Some ‘Life Lessons’ that Entrepreneurship Teaches You...

Some ‘Life Lessons’ that Entrepreneurship Teaches You...

While a lot has been written about the skills required to become an entrepreneur, in this note I want to share some “life’s lessons” which entrepreneurship has taught me. And taught me in a way like no one else could have. I call them “life’s lessons” as their impact goes far beyond the success or the failure of the ventures I undertook. These learnings have stayed with me and pretty much define my way of life.

Entrepreneurship creates news challenges all the time. When the founder introspects, lessons are learnt. When the founder innovates to find a solution, even more learning happens. In the entrepreneurial journey, this process never stops!

One of the first lessons you learn as an entrepreneur is to be frugal, i.e. find the most economical way to achieve the desired results and maximize returns on your efforts, time and money. In a startup, you neither have the resources, nor the time to be generous. Any extravaganza is a possible step towards failure (like the recent Housing.com’s fiasco on the ‘lookup’ campaign). Frugality, in turn, builds the habit of exploring all options and not signing on a blank cheque. Smart entrepreneurs rarely grab the first available option, and keep exploring till they find the optimum solution. In doing so, they become extremely frugal on the time-spend on a particular issue, making a judicious choice on when any further time spent will not commensurate with results achieved.

Entrepreneurship teaches you, out of necessity, to become frugal with both time and money. But this life lesson does you good forever.

Entrepreneurship teaches you to have an eye for detail on whatever you do or whatever crosses your path. A startup has to get its value proposition right in the first attempt. They can’t have the lethargy of large corporations, where the business plan can be revised year after year to safeguard certain jobs!
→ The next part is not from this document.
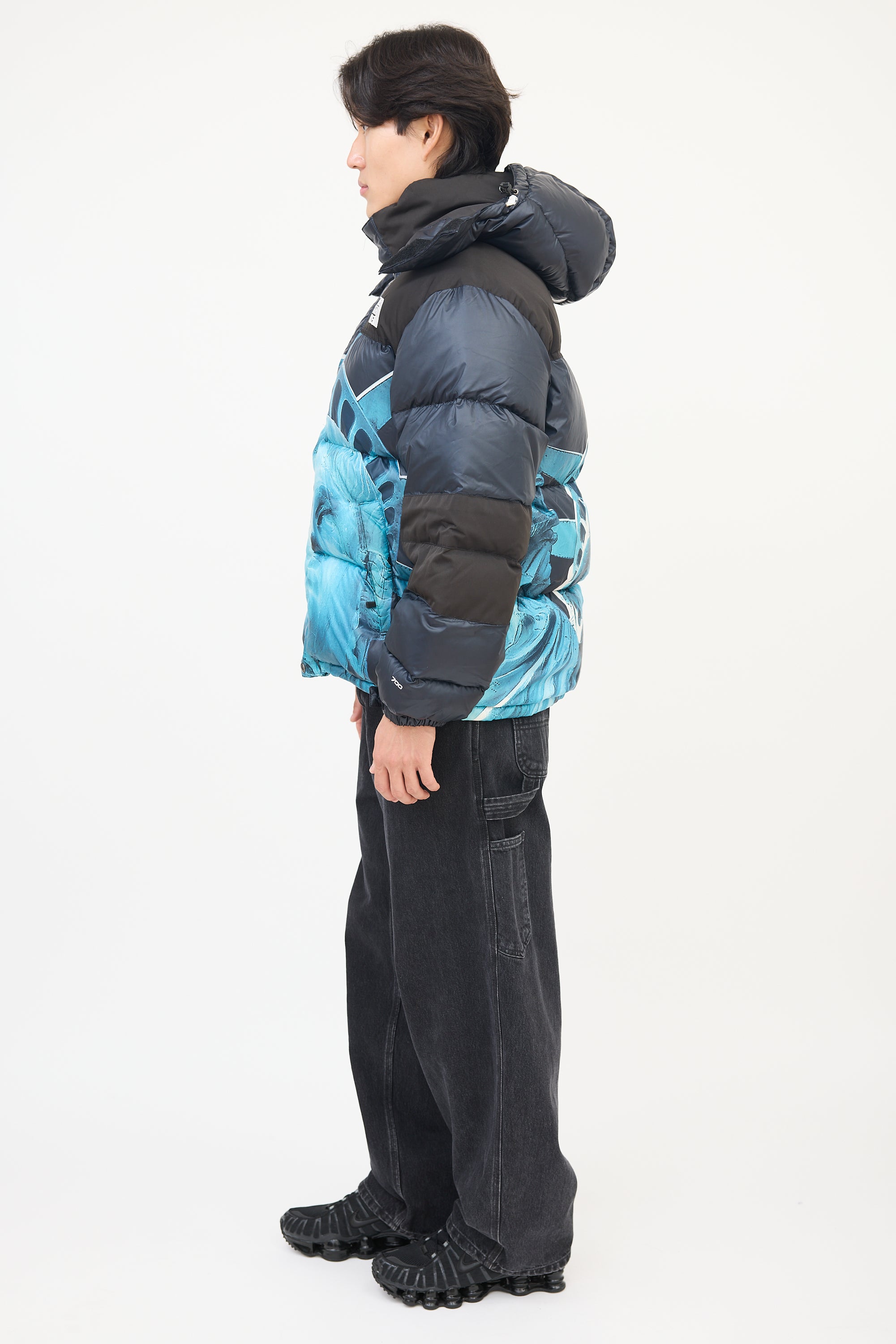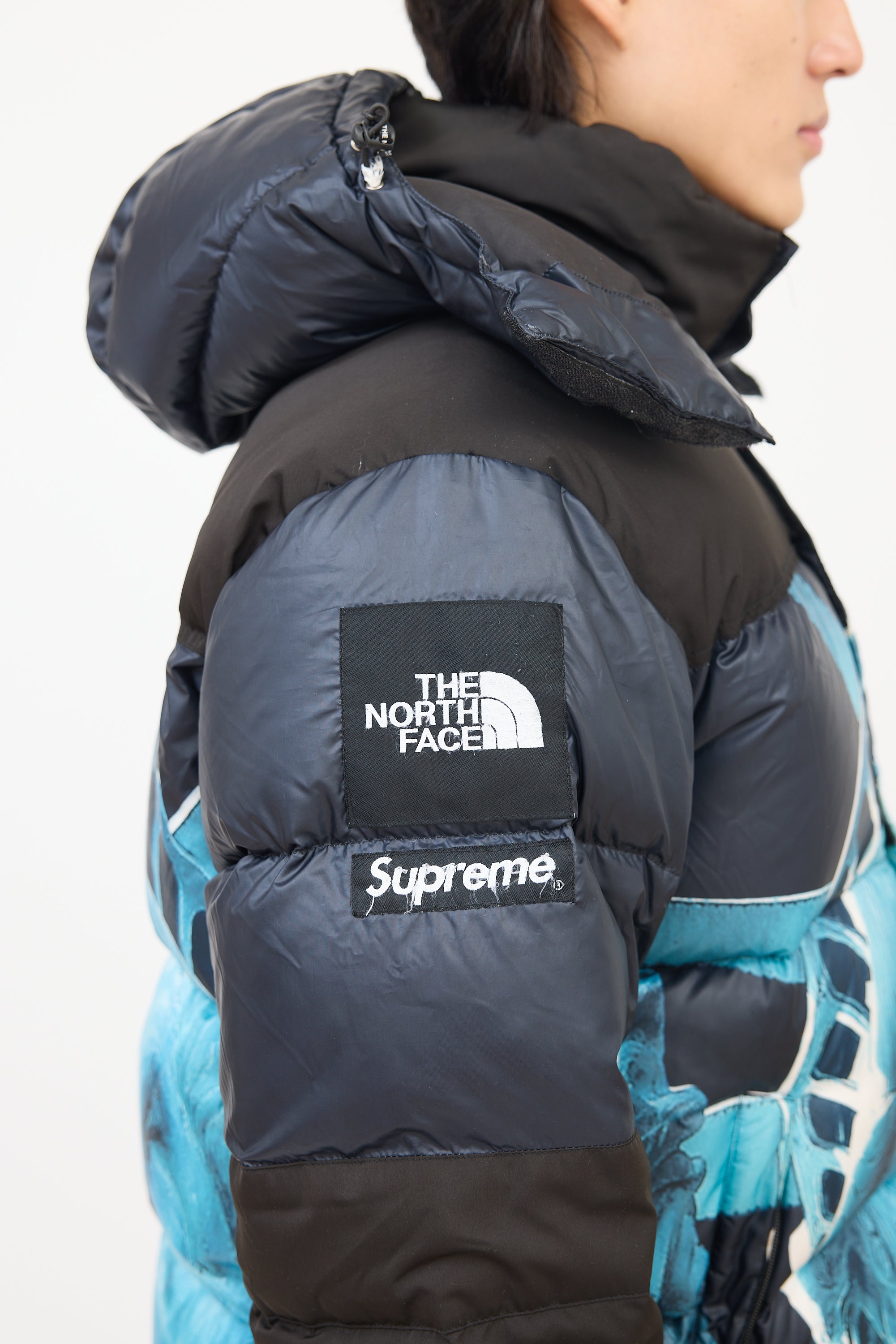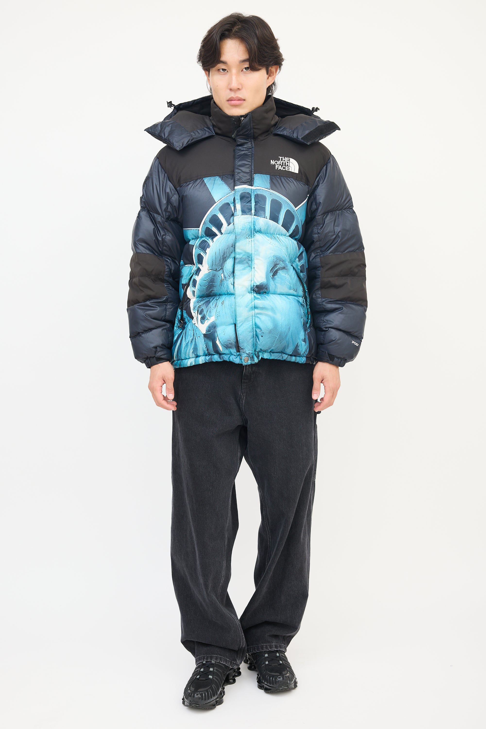 Pre-owned Supreme X The North Face black and blue Baltoro puffer jacket featuring a funnel collar, adjustable drawcord hood with logo printed along centre, front zip, two zip pockets at front waist, one interior zip pocket at left waist, one interior mesh patch pocket at right chest, Statue of Liberty graphic at body, drawcord at hem, long sleeves with elasticized and Velcro strapped cuffs, patch logos at right arm, and embroidered logos at left chest and right upper back. Padded and lined.

Now, as a founder of a startup, I know pretty well that there is no second life. Therefore, I have developed the habit of doing extreme due diligence on everything, to ensure that it comes out right the first time. Out of sheer necessity, I have developed a scrutinizing approach, where finer details are reviewed and discussed; early warnings are not ignored and, most importantly, carelessness is simply unacceptable.

This life lesson of getting it right the first time, most of the times, becomes an asset for forever, and defines your way of life.

Entrepreneurship also teaches you to comprehend other people’s perspective. As a founder when you go into the field to sell your product, the first few meetings tell you that customers buy what they want and not what you have or want to sell. Both of you could be looking at the same problem to solve, but the perspective on the ‘right’ solution could be radically different. So, an entrepreneur listens, and tries to comprehend the problem from the customer’s perspective, to then come back and offer the desired solution. The same dynamics play in a startup over all the internal discussions between co-founders and cross-functional teams. Keeping egos out, people listen to understand each other’s perspective and then arrive at the best decision.

This lesson, of making a genuine attempt to understand other people’s perspectives and value them, brings into you a trait which very few people possess.

Another great lesson learnt from being entrepreneur is respect for work, all kinds of work. A founder usually learns the hard way that no work can be trivialized. An entrepreneur’s personal life swings like a pendulum, from good to ugly, depending on how individuals manage their work, however insignificant that work may appear. A nasty response from ‘support’ to a ‘customer’ can cause escalations that will completely drain your energies in doing damage control. You learn, after a few ugly incidents, that there is no work that can be called a ‘no-brainer’ ! Even the simplest of the repetitive tasks has to be done right, each and every time, for people to spend time on productive things and keep the start-up on track.

Entrepreneurship teaches you to respect people for doing their work diligently day after day, immaterial of where they sit in the organizational or social hierarchy or what kind of work they do. This life lesson is the key to gain respect and build long lasting relationships.

I think it is highly unfortunate when an entrepreneur is totally absorbed in the glamour of funding, valuations and exits, and fails to imbibe some of these life lessons. It is like an opportunity wasted.

As Steve Jobs said “ Being the richest man in the cemetery doesn’t matter to me…Going to bed at night saying we’ve done something wonderful…that’s what matters to me.”